Né dans la Sarthe, Maurice Barrier avait fait ses débuts au cinéma en 1966, la trentaine passée, dans la peau et la cape de D'Artagnan pour La Prise de pouvoir par Louis XIV de Roberto Rossellini et avait ensuite fait des apparitions en 1970 devant la caméra de Michel Deville et de Jean-Paul Rappeneau avant d'intégrer la distribution d'une comédie culte : dans Le Grand blond avec une chaussure noire (1972) d'Yves Robert, avec Pierre Richard, il incarne l'un des agents du colonel Toulouse, joué par Jean Rochefort. Il retrouvera d'ailleurs rapidement Yves Robert et Jean Rochefort pour Salut l'artiste (1973), mise en abyme de l'aventureux métier d'acteur de second plan, apparaissant la même année dans des petits rôles dans Le Gang des otages d'Edouard Molinaro, L'Histoire très bonne et très joyeuse de Colinot Trousse chemise de Nina Companeez (avec Francis Huster, Brigitte Bardot, Bernadette Lafont ou encore Francis Blanche), et Deux hommes dans la ville de José Giovanni, avec le duo Jean Gabin-Alain Delon. Il sera même, peu après, le complice de Delon dans Le Gitan, à nouveau de José Giovanni, après l'avoir recroisé la même année (1975) dans Flic Story de Jacques Deray - lequel lui offrira au fil des ans de jolis rôles secondaires : "Le Mammouth" dans Le Gang (1977), film de braqueurs encore porté par Alain Delon, "Tonton" le taulard dans Le Marginal (1983) face à Jean-Paul Belmondo ou encore On ne meurt que deux fois (1985), avec Michel Serrault et Charlotte Rampling . En 1979, ce sont d'autres retrouvailles, avec le réalisateur Jean-Jacques Annaud cette fois, qui l'avait dirigé quelques années plus tôt dans La Victoire en chantant et qui fait de lui Berri, le patron du troquet Le Penalty dans Coup de tête, avec Patrick Dewaere.
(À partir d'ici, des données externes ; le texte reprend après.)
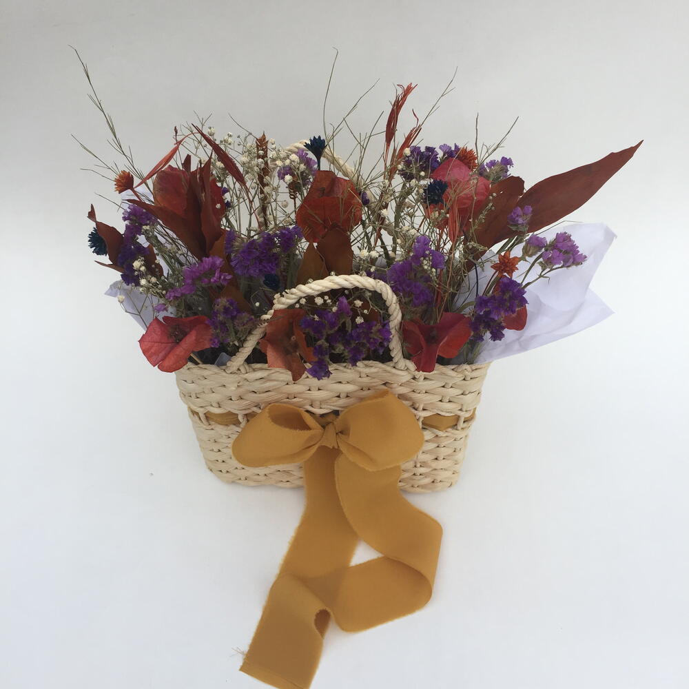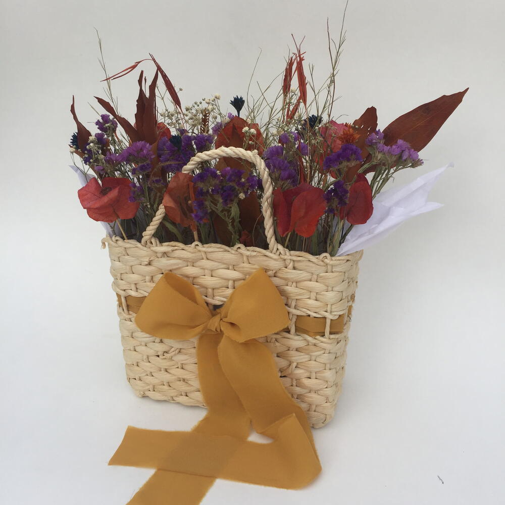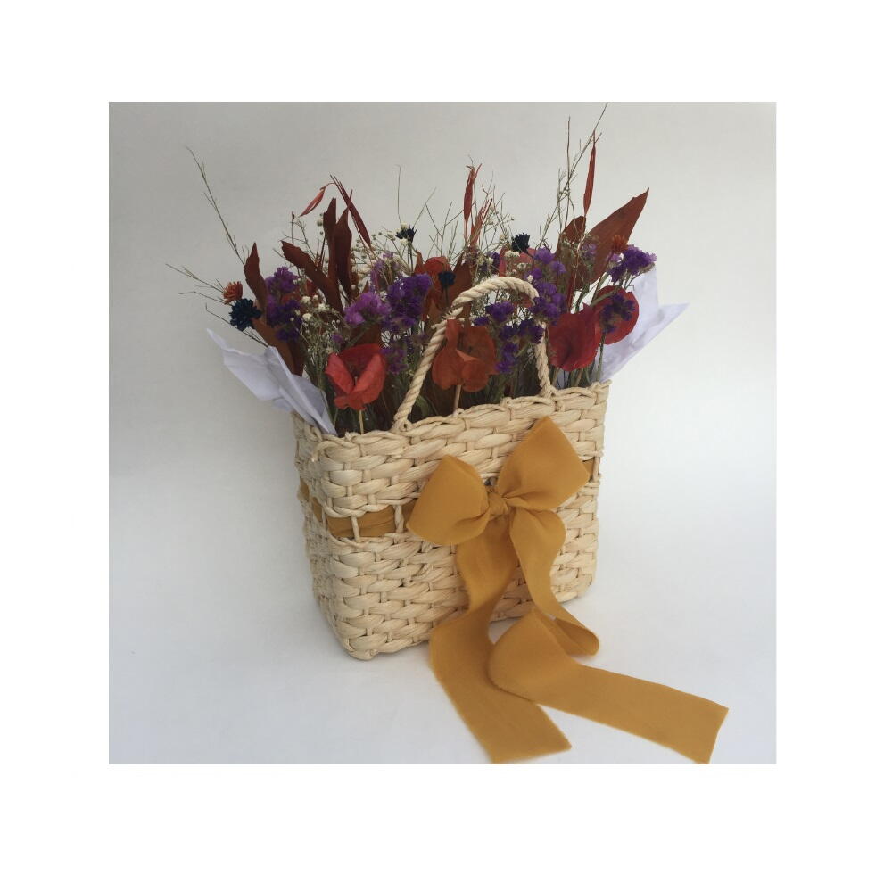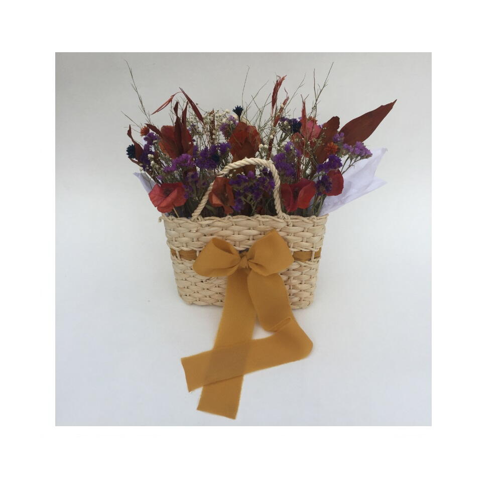 embalagem para envio (sacola ou caixa). - 1 pcs cesta de palha p com fita e tag. - 1 pcs mix de flores naturais desidratadas compondo a cesta. - 1 pcs
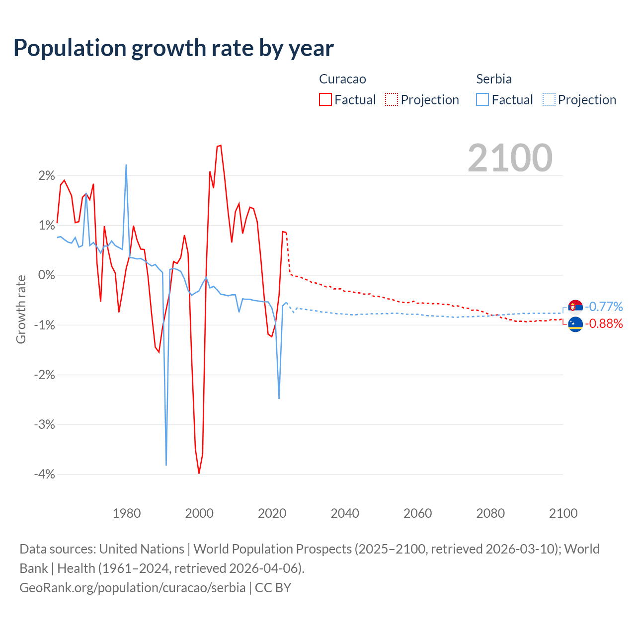 - For the last 10 years, Curacao has had an average growth rate of +0.13% per year vs -0.76% in Serbia.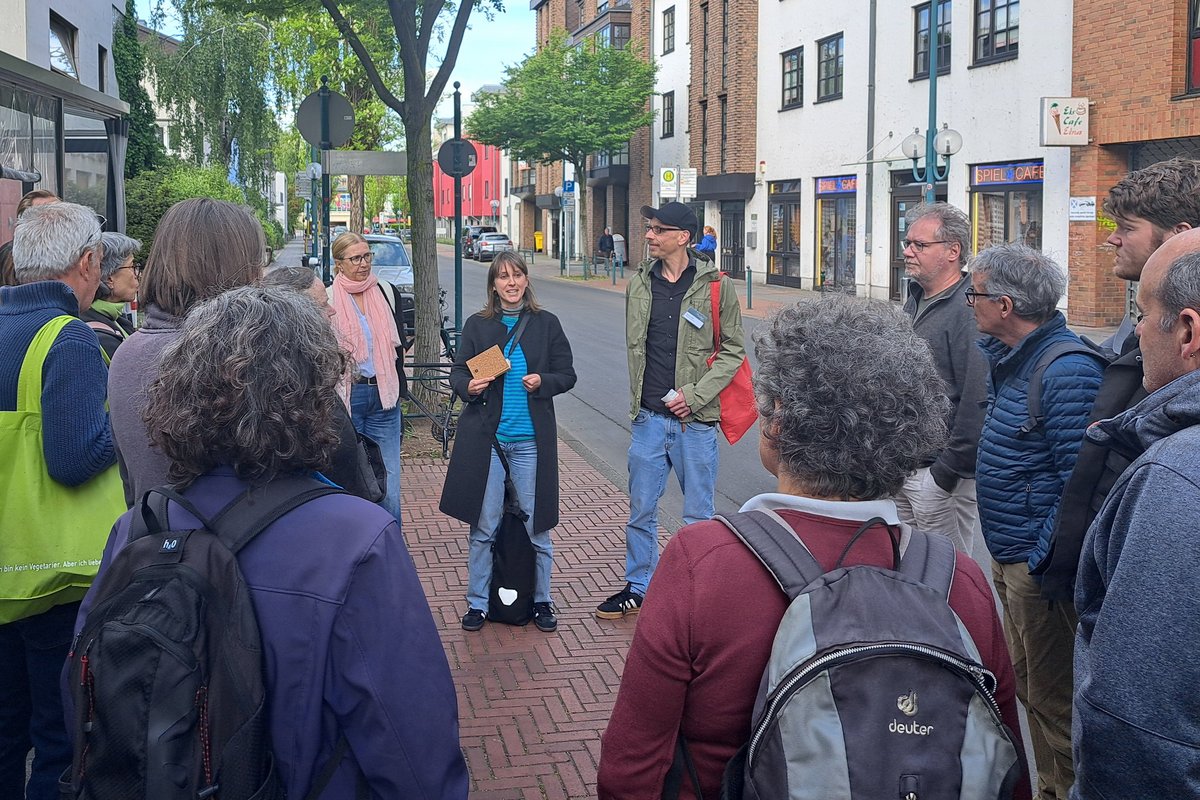 Im Rahmen der Entwicklung Bonner Klimaviertel fand ein Spaziergang durch das Klimaviertel Beuel statt. Etwa 21 interessierte Bürger*innen und Vertreter*innen verschiedener Partnerprojekte nahmen teil. Gemeinsam erkundeten sie die Vielfalt an Ideen, Projekten und Akteur*innen rund um das Thema Klimaschutz im Quartier.

Maurice Barrier recroise également l'inénarrable François Pignon (Pierre Richard) pour Les Compères (1983) et Les Fugitifs (1986) de Francis Veber, côtoyant par la même occasion Gérard Depardieu, donne la réplique à Bernard Giraudeau dans Les Spécialistes (1985) de Patrice Leconte et joue la même année un gitan pour Gérard Jugnot dans Scout toujours..., avant de tourner pour Bertrand Tavernier dans La vie et rien d'autre (1989), nommé onze fois aux César.
Une galerie de seconds rôles au cinéma qui se conjugue, tout au long de sa carrière, avec une présence constante à la télévision entre séries et téléfilms, où le public le voit aussi bien dans Les cinq dernières minutes, Les enquêtes du commissaire Maigret, Les dossiers de l'écran ou Les nouvelles brigades du tigre que dans L'Instit, La Crim' et Louis la Brocante.
En marge de ce riche parcours sur les écrans, Maurice Barrier a mené une carrière intensive au théâtre, d'ailleurs couronnée par le Molière 1998 du Meilleur comédien dans un second rôle pour Douze hommes en colère, dans une mise en scène de Stéphan Meldegg, après avoir beaucoup joué sous la direction de Roger Planchon au théâtre national de la Colline au début de la même décennie. Il s'est même signalé dans le registre du spectacle musical, par exemple en Jean Valjean dans Les Misérables par Robert Hossein.
Les équipes de France 3 Bourgogne avaient eu l'occasion, en janvier dernier, d'aller à la rencontre de Maurice Barrier, chez lui à Montréal, son village qu'il aimait tant pour "sa chaleur" et sa beauté. Il en était même devenu depuis 2006 la voix, signalent nos confrères, qu'il avait enregistrée pour le spectacle historique annuel Montréal en lumière.